Public health officials have been unreliable narrators about the science of masks, the science of social distancing, the science of outdoor transmission, the science of outdoor dining, and the science of reopening, almost always in the direction of favoring their preferred restrictions. Responding specifically and factually to expressed reasons for vaccine hesitancy is not only more moral than compulsion and demonization, it might well be more effective at the stated goal.

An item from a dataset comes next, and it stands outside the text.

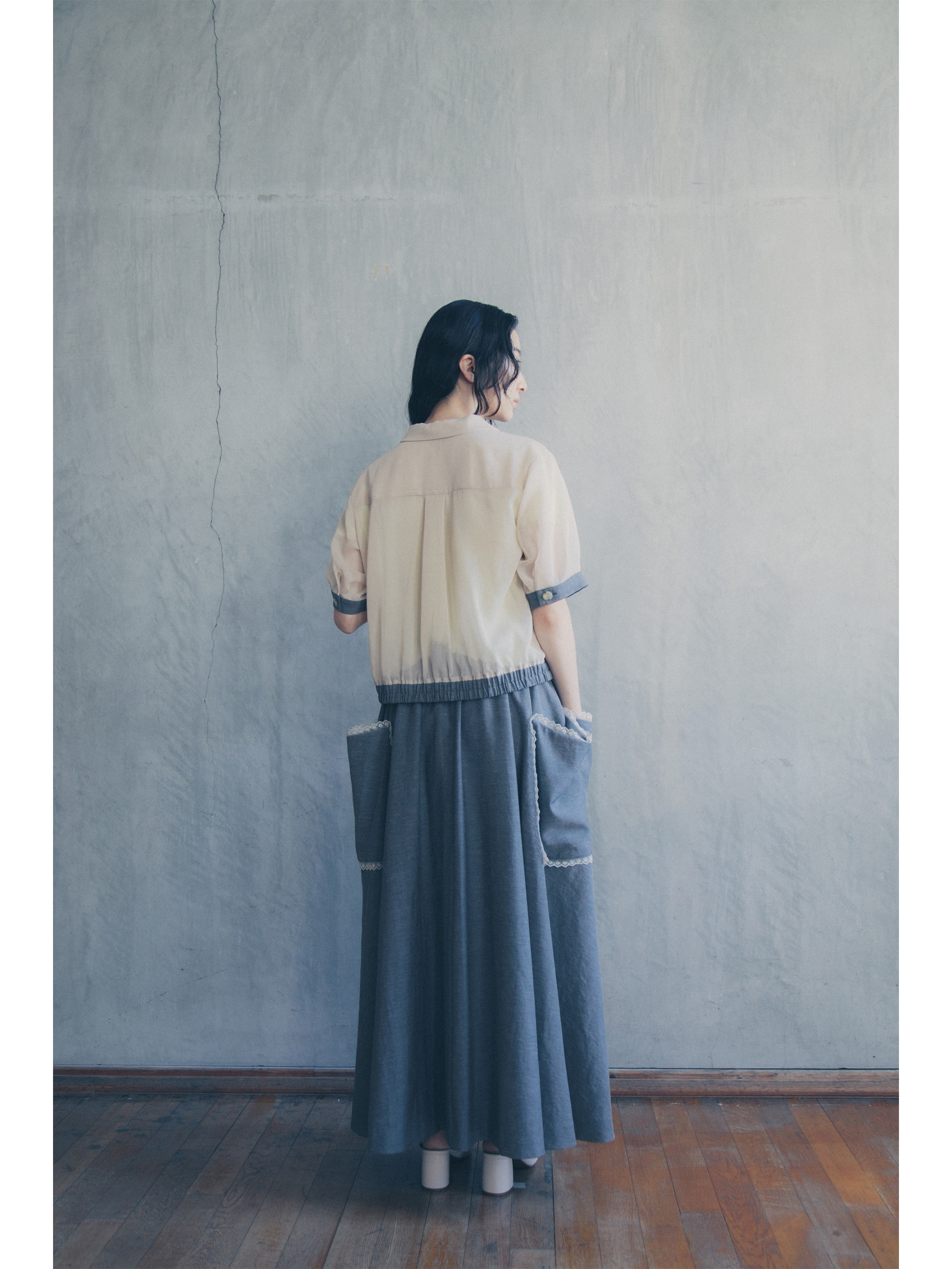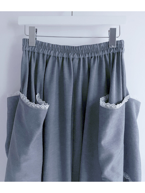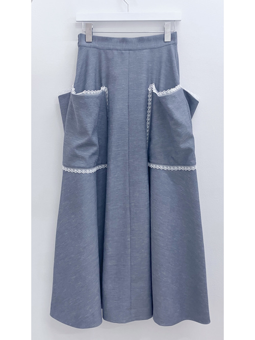 【先行予約】Denim-like Patch pocket Skirt - DENIM BLUE
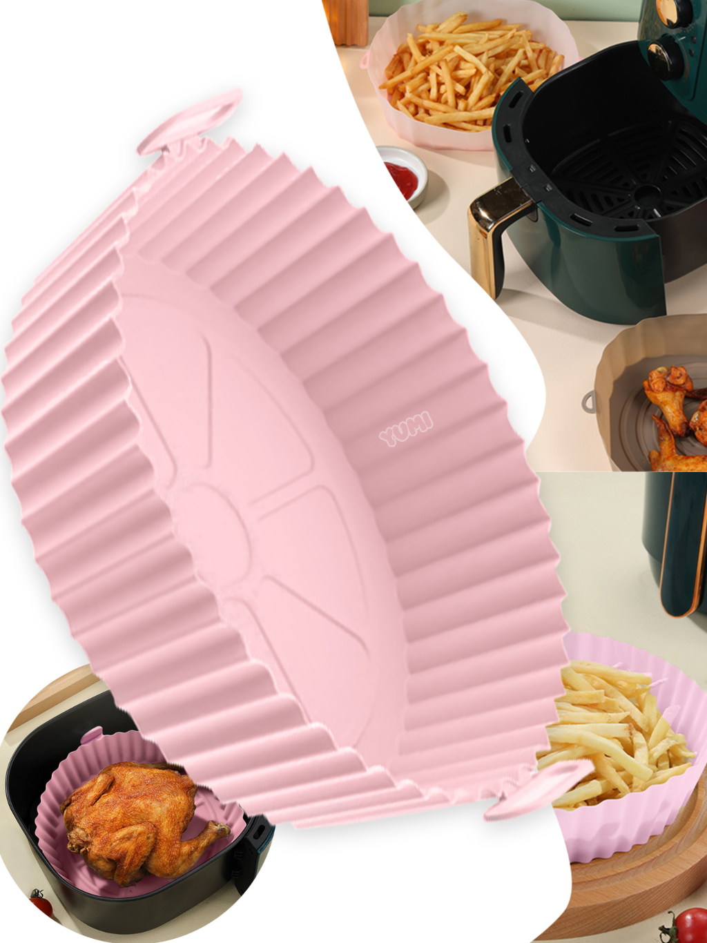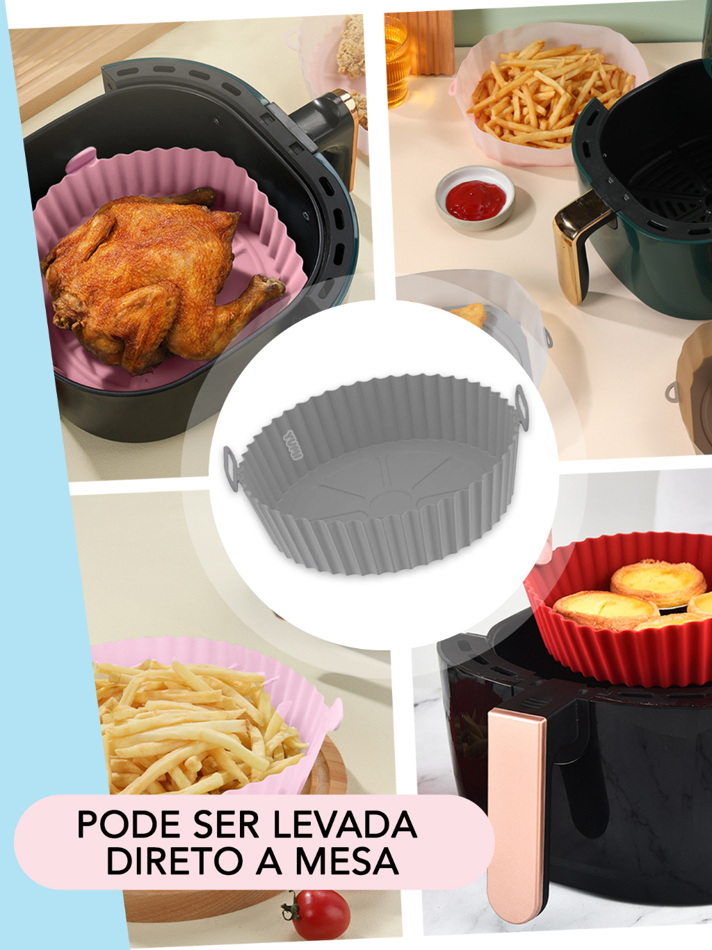 Cesto de Silicone Redondo Air Fryer e Forno Forma para Fritadeira Elétrica com Alça Grossa 80g + Resistente + Durável

This doesn't mean sugarcoating the vastly different outcomes among the Covid-positive vaxxed and unvaxxed—far from it. This graph is far more compelling to me than sitting through yet another rambly Joe Biden speech:
But the above should also serve a message to us vaccinated Americans: It looks like, on balance, we're going to come out of this omicron infection all right. Maybe instead of directing rage at a subset of our fellow countrymen who are getting seriously ill in disproportionate numbers, we should personally live as though we are in an endemic, and otherwise try to persuade our recalcitrant loved ones that this mild cough and week-plus indoors is a damn sight better than the alternative. Politicians might not be able to shut off their internal machinery of rhetorical division, but weren't you supposed to be better than all that?